What is Restricted Boltzmann Machine?
A Restricted Boltzmann machine is an algorithm useful for dimensionality reduction, classification, regression, collaborative filtering, feature learning and topic modeling. RBMs are shallow, two-layer neural nets that constitute the building blocks of deep-belief networks. The first layer of the RBM is called the visible, or input, layer, and the second is the hidden layer. There is no intra-layer communication – this is the restriction in a restricted Boltzmann machine. Each node is a locus of computation that processes input, and begins by making stochastic decisions about whether to transmit that input or not.

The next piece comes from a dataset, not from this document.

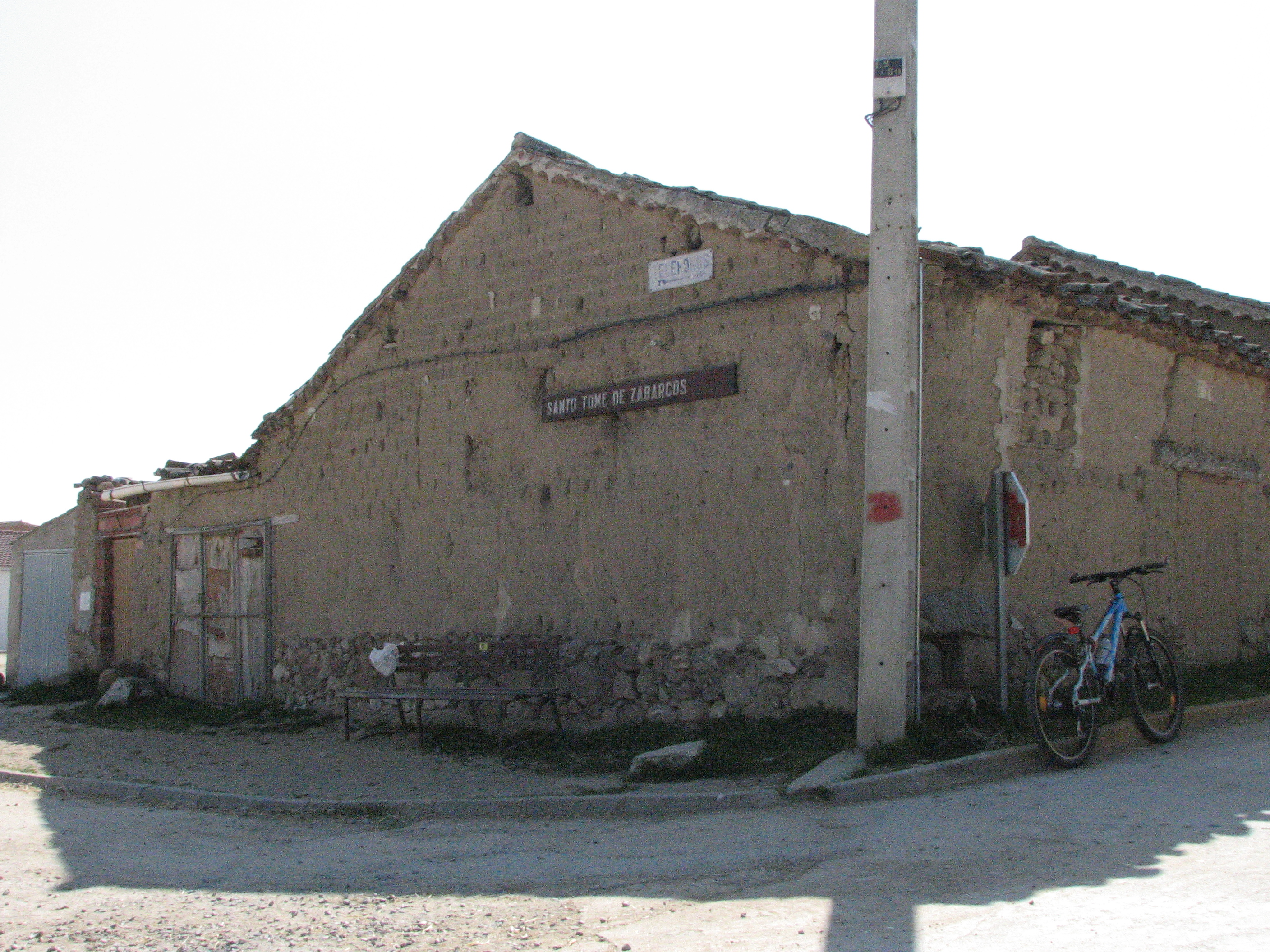 "Please translate". Santo Tomé de Zabarcos. Ávila. España.

Each visible node takes a low-level feature from an item in the dataset to be learned. At node 1 of the hidden layer, x is multiplied by a weight and added to a so-called bias. The result of those two operations is fed into an activation function, which produces the node’s output, or the strength of the signal passing through it, given input x.
activation f((weight w * input x) + bias b ) = output a
Next, let’s look at how several inputs would combine at one hidden node. Each x is multiplied by a separate weight, the products are summed, added to a bias, and again the result is passed through an activation function to produce the node’s output.

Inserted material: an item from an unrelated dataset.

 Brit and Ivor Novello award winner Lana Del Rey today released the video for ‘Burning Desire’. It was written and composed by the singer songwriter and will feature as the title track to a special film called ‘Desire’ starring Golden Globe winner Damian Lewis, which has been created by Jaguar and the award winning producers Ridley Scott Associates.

Because inputs from all visible nodes are being passed to all hidden nodes, an RBM can be defined as a symmetrical bipartite graph.
Symmetrical means that each visible node is connected with each hidden node (see below). Bipartite means it has two parts, or layers, and the graph is a mathematical term for a web of nodes.
At each hidden node, each input x is multiplied by its respective weight w. That is, a single input x would have three weights here, making 12 weights altogether (4 input nodes x 3 hidden nodes). The weights between two layers will always form a matrix where the rows are equal to the input nodes, and the columns are equal to the output nodes.
Each hidden node receives the four inputs multiplied by their respective weights. The sum of those products is again added to a bias (which forces at least some activations to happen), and the result is passed through the activation algorithm producing one output for each hidden node.
If these two layers were part of a deeper neural network, the outputs of hidden layer no. 1 would be passed as inputs to hidden layer no. 2, and from there through as many hidden layers as you like until they reach a final classifying layer. (For simple feed-forward movements, the RBM nodes function as an autoencoder and nothing more.)